**Try it**
Could the entries below be reproduced exactly, with the images removed?

**Source data**
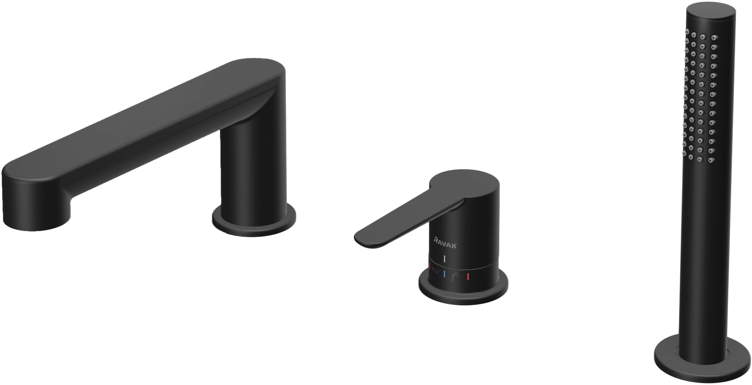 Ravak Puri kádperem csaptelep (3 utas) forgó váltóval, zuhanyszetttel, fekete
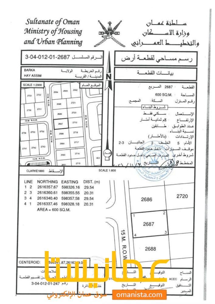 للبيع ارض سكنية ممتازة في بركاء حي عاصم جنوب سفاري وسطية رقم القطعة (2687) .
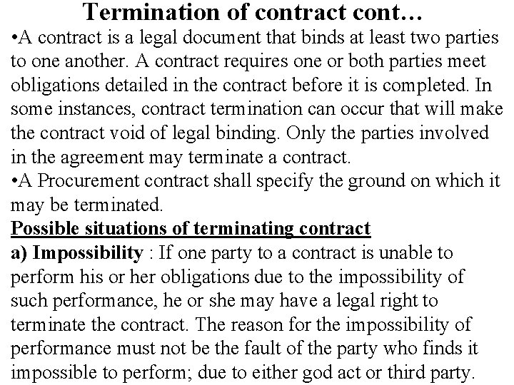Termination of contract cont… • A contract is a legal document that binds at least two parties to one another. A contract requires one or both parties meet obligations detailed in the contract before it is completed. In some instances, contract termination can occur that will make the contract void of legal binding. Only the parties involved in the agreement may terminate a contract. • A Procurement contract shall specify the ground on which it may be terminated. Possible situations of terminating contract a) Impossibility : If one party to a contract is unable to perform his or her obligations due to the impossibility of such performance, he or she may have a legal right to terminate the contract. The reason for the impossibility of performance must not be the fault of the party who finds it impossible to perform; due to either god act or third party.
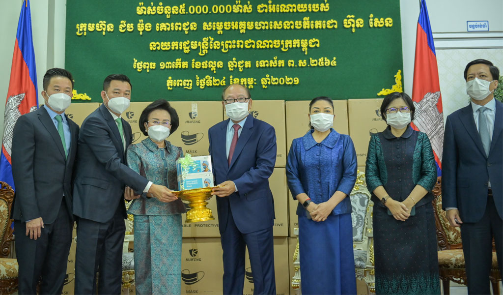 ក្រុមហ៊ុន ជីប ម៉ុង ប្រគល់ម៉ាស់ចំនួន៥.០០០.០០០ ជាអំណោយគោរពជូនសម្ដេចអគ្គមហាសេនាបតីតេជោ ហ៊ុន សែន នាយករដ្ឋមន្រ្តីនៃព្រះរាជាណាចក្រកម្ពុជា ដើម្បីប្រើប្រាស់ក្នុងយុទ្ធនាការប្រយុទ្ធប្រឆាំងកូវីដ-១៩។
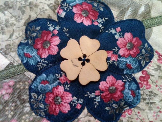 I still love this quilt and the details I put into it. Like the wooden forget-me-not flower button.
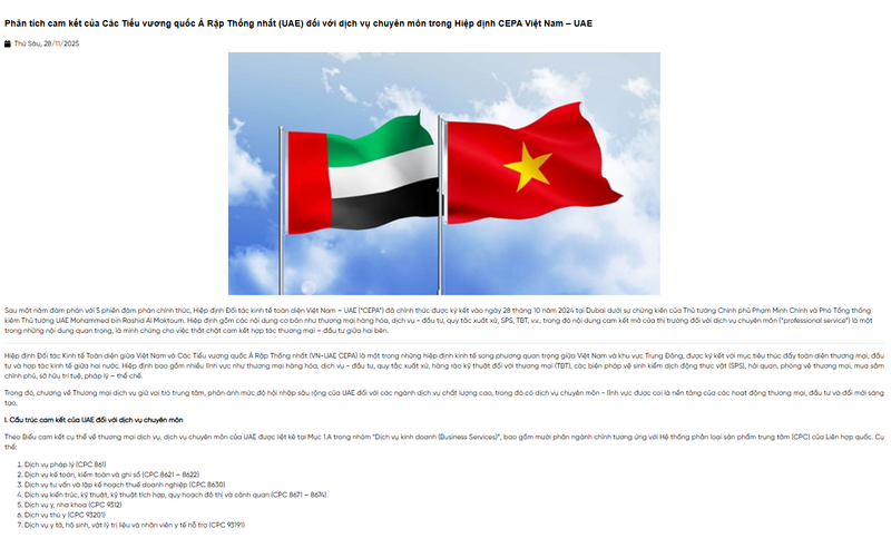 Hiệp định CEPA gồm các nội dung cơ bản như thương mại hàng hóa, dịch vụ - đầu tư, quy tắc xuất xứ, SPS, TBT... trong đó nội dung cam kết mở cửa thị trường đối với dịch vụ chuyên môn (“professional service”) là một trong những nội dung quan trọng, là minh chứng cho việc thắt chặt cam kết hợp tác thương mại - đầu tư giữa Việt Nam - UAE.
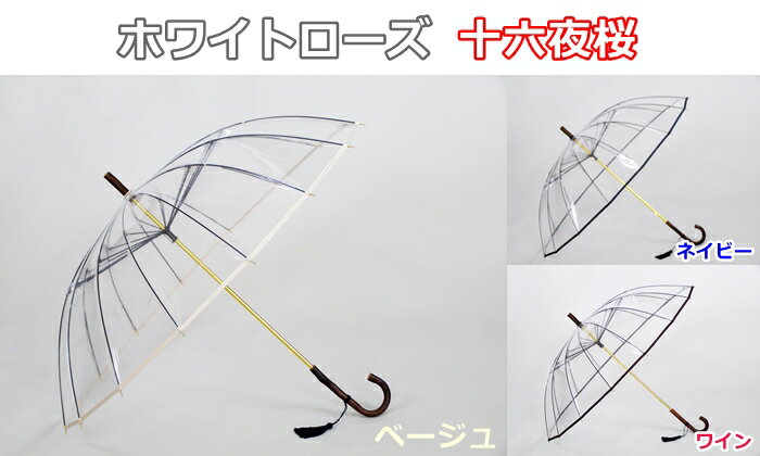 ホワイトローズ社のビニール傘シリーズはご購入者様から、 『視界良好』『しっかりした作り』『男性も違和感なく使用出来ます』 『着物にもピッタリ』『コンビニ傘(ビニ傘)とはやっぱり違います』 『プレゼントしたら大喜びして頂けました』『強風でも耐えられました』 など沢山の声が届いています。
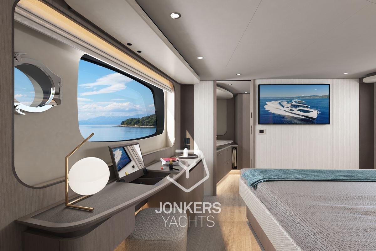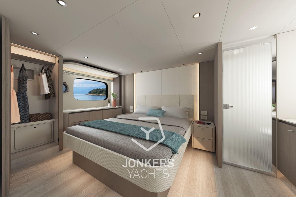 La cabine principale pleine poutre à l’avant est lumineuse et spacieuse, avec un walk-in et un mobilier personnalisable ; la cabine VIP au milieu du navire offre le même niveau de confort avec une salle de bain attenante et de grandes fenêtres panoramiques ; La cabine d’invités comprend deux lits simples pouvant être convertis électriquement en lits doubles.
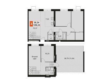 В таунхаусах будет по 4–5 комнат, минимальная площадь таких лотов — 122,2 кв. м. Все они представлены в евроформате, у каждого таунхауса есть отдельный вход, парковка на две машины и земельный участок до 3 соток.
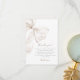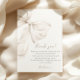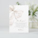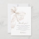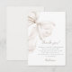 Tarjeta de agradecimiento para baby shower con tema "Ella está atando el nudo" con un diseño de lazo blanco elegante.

**Response area**
 Ravak Puri kádperem csaptelep (3 utas) forgó váltóval, zuhanyszetttel, fekete
 للبيع ارض سكنية ممتازة في بركاء حي عاصم جنوب سفاري وسطية رقم القطعة (2687) .
Termination of contract cont… • A contract is a legal document that binds at least two parties to one another. A contract requires one or both parties meet obligations detailed in the contract before it is completed. In some instances, contract termination can occur that will make the contract void of legal binding. Only the parties involved in the agreement may terminate a contract. • A Procurement contract shall specify the ground on which it may be terminated. Possible situations of terminating contract a) Impossibility : If one party to a contract is unable to perform his or her obligations due to the impossibility of such performance, he or she may have a legal right to terminate the contract. The reason for the impossibility of performance must not be the fault of the party who finds it impossible to perform; due to either god act or third party.
 ក្រុមហ៊ុន ជីប ម៉ុង ប្រគល់ម៉ាស់ចំនួន៥.០០០.០០០ ជាអំណោយគោរពជូនសម្ដេចអគ្គមហាសេនាបតីតេជោ ហ៊ុន សែន នាយករដ្ឋមន្រ្តីនៃព្រះរាជាណាចក្រកម្ពុជា ដើម្បីប្រើប្រាស់ក្នុងយុទ្ធនាការប្រយុទ្ធប្រឆាំងកូវីដ-១៩។
 I still love this quilt and the details I put into it. Like the wooden forget-me-not flower button.
 Hiệp định CEPA gồm các nội dung cơ bản như thương mại hàng hóa, dịch vụ - đầu tư, quy tắc xuất xứ, SPS, TBT... trong đó nội dung cam kết mở cửa thị trường đối với dịch vụ chuyên môn (“professional service”) là một trong những nội dung quan trọng, là minh chứng cho việc thắt chặt cam kết hợp tác thương mại - đầu tư giữa Việt Nam - UAE.
 ホワイトローズ社のビニール傘シリーズはご購入者様から、 『視界良好』『しっかりした作り』『男性も違和感なく使用出来ます』 『着物にもピッタリ』『コンビニ傘(ビニ傘)とはやっぱり違います』 『プレゼントしたら大喜びして頂けました』『強風でも耐えられました』 など沢山の声が届いています。
 La cabine principale pleine poutre à l’avant est lumineuse et spacieuse, avec un walk-in et un mobilier personnalisable ; la cabine VIP au milieu du navire offre le même niveau de confort avec une salle de bain attenante et de grandes fenêtres panoramiques ; La cabine d’invités comprend deux lits simples pouvant être convertis électriquement en lits doubles.
 В таунхаусах будет по 4–5 комнат, минимальная площадь таких лотов — 122,2 кв. м. Все они представлены в евроформате, у каждого таунхауса есть отдельный вход, парковка на две машины и земельный участок до 3 соток.
 Tarjeta de agradecimiento para baby shower con tema "Ella está atando el nudo" con un diseño de lazo blanco elegante.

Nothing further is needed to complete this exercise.